O livro "The Daily Stoic: 366 Meditations on Wisdom, Perseverance, and the Art of Living", de Ryan Holiday e Stephen Hanselman, de 2016, tem como ideia-central apresentar uma meditação para cada dia do ano — 366 entradas (portanto, um ano bissexto) — com citações dos grandes filósofos estóicos (como Marco Aurélio, Epíteto, Séneca, entre outros) e comentários práticos sobre como essas ideias se aplicam à vida actual. O livro está dividido por meses/temas: “Disciplina da percepção”, “Disciplina da acção”, “Disciplina da vontade”. Para cada entrada, os autores apresentam uma citação estoica, fazem uma reflexão e sugerem um passar à prática.

É um livro interessante, para ser lido tanto solitariamente como na animação de uma dinâmica de grupo. Em 10 delas fala da tolerância. Trago a que foi arrumada num hipotético dia 19 de Novembro. Está incluída na parte III do livro, a da disciplina da Vontade. Tem como título "Máximas de três sábios" (mesmo que, na verdade, sejam quatro):

A CITAÇÃO

“Perante qualquer desafio, devemos ter três pensamentos orientadores: «Guia-me, ó Deus e Destino,» «até à Meta que há muito me foi destinada.» «Seguirei e não tropeçarei; mesmo que a minha vontade seja fraca, prosseguirei como um soldado.»” — Cleanto de Assos.

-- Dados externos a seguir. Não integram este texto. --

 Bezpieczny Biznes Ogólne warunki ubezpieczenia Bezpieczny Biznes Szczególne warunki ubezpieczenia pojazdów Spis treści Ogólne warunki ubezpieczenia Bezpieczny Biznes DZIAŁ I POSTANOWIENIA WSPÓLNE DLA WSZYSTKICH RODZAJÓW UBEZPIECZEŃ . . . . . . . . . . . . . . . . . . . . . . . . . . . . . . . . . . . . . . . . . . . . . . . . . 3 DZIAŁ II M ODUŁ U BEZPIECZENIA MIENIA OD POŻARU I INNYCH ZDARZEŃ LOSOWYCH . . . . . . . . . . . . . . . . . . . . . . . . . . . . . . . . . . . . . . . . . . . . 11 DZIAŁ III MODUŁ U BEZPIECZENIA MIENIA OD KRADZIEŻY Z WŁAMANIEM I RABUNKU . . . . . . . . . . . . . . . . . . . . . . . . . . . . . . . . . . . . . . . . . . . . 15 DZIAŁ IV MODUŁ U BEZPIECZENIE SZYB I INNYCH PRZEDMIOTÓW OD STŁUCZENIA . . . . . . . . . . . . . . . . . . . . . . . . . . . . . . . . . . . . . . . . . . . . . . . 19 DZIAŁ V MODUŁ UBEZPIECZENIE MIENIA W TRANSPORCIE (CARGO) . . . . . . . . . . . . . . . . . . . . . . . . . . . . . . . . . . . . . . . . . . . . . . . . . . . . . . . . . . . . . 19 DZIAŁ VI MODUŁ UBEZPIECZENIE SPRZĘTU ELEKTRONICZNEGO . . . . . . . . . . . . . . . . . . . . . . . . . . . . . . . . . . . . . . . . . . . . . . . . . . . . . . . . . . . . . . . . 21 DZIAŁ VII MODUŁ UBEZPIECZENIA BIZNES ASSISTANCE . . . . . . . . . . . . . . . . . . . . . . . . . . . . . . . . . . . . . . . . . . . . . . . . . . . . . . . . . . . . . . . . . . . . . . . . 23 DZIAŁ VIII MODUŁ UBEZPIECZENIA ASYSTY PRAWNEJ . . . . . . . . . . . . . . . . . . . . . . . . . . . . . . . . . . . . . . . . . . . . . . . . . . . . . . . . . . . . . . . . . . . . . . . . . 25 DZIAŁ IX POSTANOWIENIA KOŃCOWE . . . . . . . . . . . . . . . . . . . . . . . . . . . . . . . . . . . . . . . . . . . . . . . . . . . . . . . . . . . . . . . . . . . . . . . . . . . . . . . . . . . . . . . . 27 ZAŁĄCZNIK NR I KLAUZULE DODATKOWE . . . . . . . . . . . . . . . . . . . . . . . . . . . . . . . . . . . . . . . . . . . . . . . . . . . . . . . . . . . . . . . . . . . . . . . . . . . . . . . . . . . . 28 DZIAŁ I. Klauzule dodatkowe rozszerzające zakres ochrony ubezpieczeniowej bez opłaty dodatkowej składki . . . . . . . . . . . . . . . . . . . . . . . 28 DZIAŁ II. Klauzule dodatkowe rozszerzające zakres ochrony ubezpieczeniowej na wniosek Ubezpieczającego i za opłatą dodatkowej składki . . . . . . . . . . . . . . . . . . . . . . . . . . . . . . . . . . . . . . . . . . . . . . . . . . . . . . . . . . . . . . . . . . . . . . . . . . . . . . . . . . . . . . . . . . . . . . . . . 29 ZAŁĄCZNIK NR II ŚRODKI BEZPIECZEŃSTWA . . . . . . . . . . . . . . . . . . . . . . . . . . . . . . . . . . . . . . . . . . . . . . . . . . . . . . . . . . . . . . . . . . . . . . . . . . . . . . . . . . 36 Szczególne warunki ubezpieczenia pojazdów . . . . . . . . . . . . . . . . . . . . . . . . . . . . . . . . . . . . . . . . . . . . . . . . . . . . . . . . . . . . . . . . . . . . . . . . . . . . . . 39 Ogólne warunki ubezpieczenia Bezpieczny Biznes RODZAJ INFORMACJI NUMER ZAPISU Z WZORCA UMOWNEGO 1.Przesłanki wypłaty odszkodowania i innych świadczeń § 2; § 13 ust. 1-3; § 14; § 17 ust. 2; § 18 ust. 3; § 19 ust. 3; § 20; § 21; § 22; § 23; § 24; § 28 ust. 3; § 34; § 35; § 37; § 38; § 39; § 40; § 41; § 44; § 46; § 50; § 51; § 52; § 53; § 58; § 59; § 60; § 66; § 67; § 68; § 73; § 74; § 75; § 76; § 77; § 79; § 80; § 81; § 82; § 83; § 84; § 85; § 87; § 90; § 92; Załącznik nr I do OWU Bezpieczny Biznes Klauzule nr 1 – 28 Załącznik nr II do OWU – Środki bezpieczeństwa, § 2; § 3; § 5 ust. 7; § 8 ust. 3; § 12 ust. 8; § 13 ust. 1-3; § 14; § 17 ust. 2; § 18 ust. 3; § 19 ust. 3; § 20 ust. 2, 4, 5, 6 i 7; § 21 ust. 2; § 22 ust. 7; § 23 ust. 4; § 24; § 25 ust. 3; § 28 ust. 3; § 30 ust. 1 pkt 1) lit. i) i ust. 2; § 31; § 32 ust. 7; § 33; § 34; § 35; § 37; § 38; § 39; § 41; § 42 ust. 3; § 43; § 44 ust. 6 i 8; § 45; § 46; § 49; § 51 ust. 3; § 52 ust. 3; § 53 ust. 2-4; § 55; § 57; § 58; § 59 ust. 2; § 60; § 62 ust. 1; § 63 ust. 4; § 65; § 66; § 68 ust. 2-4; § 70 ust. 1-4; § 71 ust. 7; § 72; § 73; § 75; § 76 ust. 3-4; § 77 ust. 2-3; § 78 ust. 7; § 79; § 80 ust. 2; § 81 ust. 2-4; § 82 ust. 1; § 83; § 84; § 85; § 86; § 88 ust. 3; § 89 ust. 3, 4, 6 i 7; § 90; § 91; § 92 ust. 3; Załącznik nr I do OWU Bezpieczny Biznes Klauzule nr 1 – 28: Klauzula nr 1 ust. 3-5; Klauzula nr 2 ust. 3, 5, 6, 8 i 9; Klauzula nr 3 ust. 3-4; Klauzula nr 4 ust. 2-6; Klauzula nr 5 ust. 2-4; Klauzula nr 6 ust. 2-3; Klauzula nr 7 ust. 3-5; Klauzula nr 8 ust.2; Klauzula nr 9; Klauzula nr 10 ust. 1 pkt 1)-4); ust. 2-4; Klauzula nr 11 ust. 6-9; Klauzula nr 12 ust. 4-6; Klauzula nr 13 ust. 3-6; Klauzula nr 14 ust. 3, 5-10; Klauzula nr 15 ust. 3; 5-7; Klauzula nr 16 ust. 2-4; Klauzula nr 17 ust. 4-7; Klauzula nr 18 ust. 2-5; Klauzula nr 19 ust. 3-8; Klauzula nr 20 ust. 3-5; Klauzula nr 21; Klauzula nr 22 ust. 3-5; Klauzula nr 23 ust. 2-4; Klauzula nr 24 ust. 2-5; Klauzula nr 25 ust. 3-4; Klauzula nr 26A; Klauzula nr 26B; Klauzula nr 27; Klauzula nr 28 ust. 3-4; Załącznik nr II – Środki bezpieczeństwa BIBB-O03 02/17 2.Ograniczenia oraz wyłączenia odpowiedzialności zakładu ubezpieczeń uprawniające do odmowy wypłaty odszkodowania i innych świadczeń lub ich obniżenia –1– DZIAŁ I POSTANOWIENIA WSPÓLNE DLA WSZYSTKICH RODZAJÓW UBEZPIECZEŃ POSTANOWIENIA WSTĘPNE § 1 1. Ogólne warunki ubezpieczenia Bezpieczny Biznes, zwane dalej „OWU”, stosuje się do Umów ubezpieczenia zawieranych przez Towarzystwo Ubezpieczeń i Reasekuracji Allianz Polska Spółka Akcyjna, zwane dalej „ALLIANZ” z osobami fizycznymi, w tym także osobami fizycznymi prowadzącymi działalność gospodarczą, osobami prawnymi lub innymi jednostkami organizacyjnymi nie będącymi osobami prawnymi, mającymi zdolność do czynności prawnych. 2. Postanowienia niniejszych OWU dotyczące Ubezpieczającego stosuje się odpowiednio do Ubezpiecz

“Aquele que abraça a necessidade conta como sábio, versado em assuntos divinos.” — Eurípedes

“Se agrada aos deuses, que assim seja. Podem muito bem matar-me, mas não me podem magoar.” —Platão, Críton e Apologia — Epíteto, Enchiridion, 53

A REFLEXÃO

Estas três citações compiladas por Epíteto mostram-nos — numa sabedoria ao longo da História — os temas da tolerância, da flexibilidade e, por fim, da aceitação. Cleanto e Eurípedes invocam o destino e a sorte como conceitos que ajudam a facilitar a aceitação. Quando se tem fé num poder superior ou mais elevado (seja Deus ou deuses), não há nada que possa acontecer que vá contra o plano.

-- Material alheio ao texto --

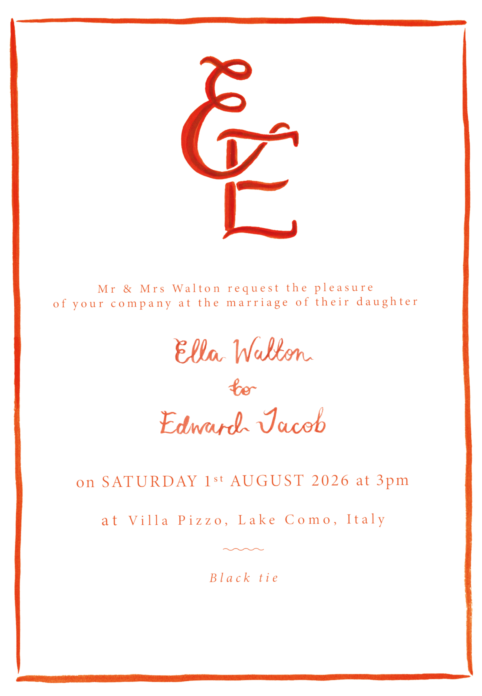 Ella and Ed cordially invite you to celebrate their marriage during their wedding weekend.

Mesmo que não acredite numa divindade, pode encontrar algum conforto nas várias leis do universo ou até mesmo no círculo da vida. O que nos acontece enquanto indivíduos pode parecer aleatório, perturbador, cruel ou inexplicável, quando, na verdade, estes acontecimentos fazem todo o sentido quando a nossa perspectiva é ampliada, mesmo que ligeiramente.

A SUGESTÃO

Vamos praticar esta perspectiva hoje. Finja que cada acontecimento — seja desejado ou inesperado — foi destinado a acontecer, destinado especificamente para si. Não lutaria contra isso, pois não?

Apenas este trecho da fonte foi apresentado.